Lack of funding delays Baldwin Woods protection

Jason Fizell, executive director of the Lawrence-based Kansas Land Trust, looks over Coal Creek while standing on a 40-foot sandstone bluff in the Baldwin Woods. The Kansas Land Trust, along with the ECO2 Commission, want the city and the county to help preserve the Baldwin Woods, a unique piece of forest land between Lawrence and Eudora.

Jerry Jost, director of land protection with the Kansas Land Trust, checks out a thin ice layer in Coal Creek while visiting the Baldwin Woods recently. The Kansas Land Trust, along with the ECO2 Commission, want the city and the Douglas County to help preserve Baldwin Woods, a unique piece of forest land between Lawrence and Eudora.

Sprawling across 256 acres in southern Douglas County, the scenic parcel of land known as the Baldwin Woods lies undisturbed, its pristine beauty home to warblers, hawks, snakes and various forms of plant life.

Several local entities want to keep it that way.

Biologists, government officials and community preservationists have come together in their commitment to officially protect the land, a unique piece of oak-hickory forest land located between Vinland and Baldwin City. There is just one problem, and it’s a big one: money, or the lack of it.

According to representatives of the Kansas Land Trust and the local business and environmental development commission ECO2, pronounced “Eco-Squared,” the Baldwin Woods effort is caught up in the same economic roil facing many environmental projects nationwide.

Although 2008 saw approval by the Lawrence City Commission and the Douglas County Commission to buy the conservation easements needed to officially and permanently preserve the site, the actual purchase has not been made.
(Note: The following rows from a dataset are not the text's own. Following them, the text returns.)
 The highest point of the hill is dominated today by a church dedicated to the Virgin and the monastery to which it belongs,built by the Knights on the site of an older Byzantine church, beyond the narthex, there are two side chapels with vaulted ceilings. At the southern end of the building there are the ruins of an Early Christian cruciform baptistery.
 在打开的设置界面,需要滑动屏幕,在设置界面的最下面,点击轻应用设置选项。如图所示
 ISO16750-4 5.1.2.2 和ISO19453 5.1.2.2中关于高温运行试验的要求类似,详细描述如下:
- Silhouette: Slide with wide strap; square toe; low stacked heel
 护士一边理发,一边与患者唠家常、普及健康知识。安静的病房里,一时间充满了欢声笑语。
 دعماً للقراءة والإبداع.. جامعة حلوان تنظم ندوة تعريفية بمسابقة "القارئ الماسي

Budget crises at the state and local levels will likely slow progress in 2009. Compounding the issue is the challenge of coordinating priorities and budgets of both commissions, each a key player in the project.
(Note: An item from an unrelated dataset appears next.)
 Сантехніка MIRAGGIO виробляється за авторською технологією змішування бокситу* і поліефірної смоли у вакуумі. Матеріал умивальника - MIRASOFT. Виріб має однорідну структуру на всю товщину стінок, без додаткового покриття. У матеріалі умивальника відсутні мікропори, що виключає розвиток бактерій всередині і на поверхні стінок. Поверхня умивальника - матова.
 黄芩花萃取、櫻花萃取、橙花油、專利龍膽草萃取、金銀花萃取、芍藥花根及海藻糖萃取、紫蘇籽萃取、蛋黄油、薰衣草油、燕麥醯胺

ECO2 Chairman Larry McElwain said he and members of his group acknowledge that current economic obstacles could make securing the needed $464,000 from city and county funds difficult. But they feel they are up to the task of keeping the project at the forefront of ongoing discussions.
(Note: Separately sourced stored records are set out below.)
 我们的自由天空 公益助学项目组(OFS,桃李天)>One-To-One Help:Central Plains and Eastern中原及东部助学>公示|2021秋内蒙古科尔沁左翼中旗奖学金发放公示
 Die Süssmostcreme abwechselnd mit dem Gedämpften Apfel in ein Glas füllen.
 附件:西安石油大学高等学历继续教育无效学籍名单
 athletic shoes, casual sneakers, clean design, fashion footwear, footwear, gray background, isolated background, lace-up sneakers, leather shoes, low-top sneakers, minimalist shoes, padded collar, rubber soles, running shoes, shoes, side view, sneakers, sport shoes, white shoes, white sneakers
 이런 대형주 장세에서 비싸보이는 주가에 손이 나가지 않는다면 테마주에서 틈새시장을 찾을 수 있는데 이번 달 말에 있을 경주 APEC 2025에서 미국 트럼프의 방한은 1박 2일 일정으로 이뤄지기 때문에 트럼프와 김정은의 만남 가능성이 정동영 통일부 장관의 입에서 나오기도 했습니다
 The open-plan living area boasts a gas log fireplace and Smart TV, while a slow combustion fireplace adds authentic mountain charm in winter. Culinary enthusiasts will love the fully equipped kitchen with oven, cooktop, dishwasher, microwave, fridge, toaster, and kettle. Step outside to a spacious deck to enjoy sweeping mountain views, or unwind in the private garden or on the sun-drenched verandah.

Launched in 2000, through an innovative effort initiated by the Lawrence Chamber of Commerce, ECO2 was formed to establish a long-term plan to sustain the community’s economic vitality, while at the same time preserving the natural environment. Currently, it is composed of eight members appointed by county and city commissioners, with representation in the areas of agriculture, business and open space.

McElwain said although the timing for funding is less than ideal, there is still hope for the project in the near future.

“My hope would be for an industrial project to come along that could lead to an earmark for funding the protection of Baldwin Woods,” he said. “I think taxpayers and commissioners understand that we can do this if we tie it together as one transaction.”

He added that all parties involved have the desire to move forward.

“We have cooperative committee members and a firm commitment to Baldwin Woods from the county and city commissioners, which is a positive thing,” he said.

Jason Fizell, executive director of the Kansas Land Trust, said KLT, as well as the two private parties that own large tracts of the land, are also onboard and ready to make up the difference in the project’s total cost of about $575,000. Although he admitted purchase of the easements is currently not an urgent matter, he said increasing development projects in the vicinity raise some concern that the land could be jeopardized in the future.

“We have property owners who are willing and enthusiastic,” he said. “And with new city and county commissioners, a new Chamber of Commerce president and a national administration all committed to environmental land protection, I am confident we will see movement on this, and other ECO2 projects, in the near future.”

But Kelly Kindscher, plant ecologist for the Kansas Biological Survey and former ECO2 member, is frustrated with the lack of progress. He claims there has been ample time, since discussions began in 2000, to seal the deal.

“I am sympathetic to the current economic problems,” Kindscher said. “But that doesn’t explain why nothing happened during the years prior to this.”

He said he is disappointed that significant action has not been taken to protect local open spaces in general.

“As compared to other college towns in the Midwest, we are way behind,” he said. “Some kind of action is needed or we will find ourselves with no open space.”